Soc.: "Perhaps, then, you are the man," he will say, "who says that it is beautiful for every one and always to be buried by one's offspring, and to bury one's parents; or was not Heracles included in ‘every one,' he and all those whom we just now mentioned?"

Hip.: But I did not say it was so for the gods.

Soc.: "Nor for the heroes either, apparently."

Hip.: Not those who were children of gods.

Soc.: "But those who were not?"

Hip.: Certainly.

Soc.: "Then again, according to your statement, among the heroes it is terrible and impious and disgraceful for Tantalus and Dardanus and Zethus, but beautiful for Pelops and the others who were born as he was?"

Hip.: I think so.

Soc.: "You think, then, what you did not say just now, that to bury one's parents and be buried by one's offspring is sometimes and for some persons disgraceful ; and it is still more impossible, as it seems, for this to become and to be beautiful for all, so that the same thing has happened to this as to the things we mentioned before, the maiden and the pot, in a still more ridiculous way than to them; it is beautiful for some and not beautiful for others.
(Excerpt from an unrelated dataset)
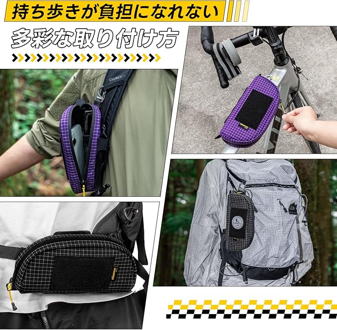 「負担にならない取り付け方」:重さ僅か75gしかない、負担にならない軽量リュックポーチです。ウエストポーチとして使ったり、自転車に取り付けて使ったりすることもできます。使用場面によって変えられて 登山だけでなく、サイクリング、日常などいろんなシーンで大活躍できる。
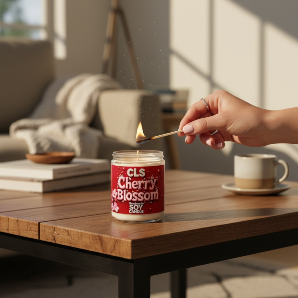 “Eternal spring at your home. Delicate notes of cherry blossoms in a handmade candle that exudes optimism. 🌸🍒“

And you are not able yet, even today, Socrates," he will say, "to answer what is asked about the beautiful, namely what it is." With these words and the like he will rebuke me, if I reply to him in this way. For the most part, Hippias, he talks with me in some such way as that but sometimes, as if in pity for my inexperience and lack of training, he himself volunteers a question, and asks whether I think the beautiful is so and so or whatever else it is which happens to be the subject of our questions and our discussion.

Hip.: What do you mean by that, Socrates?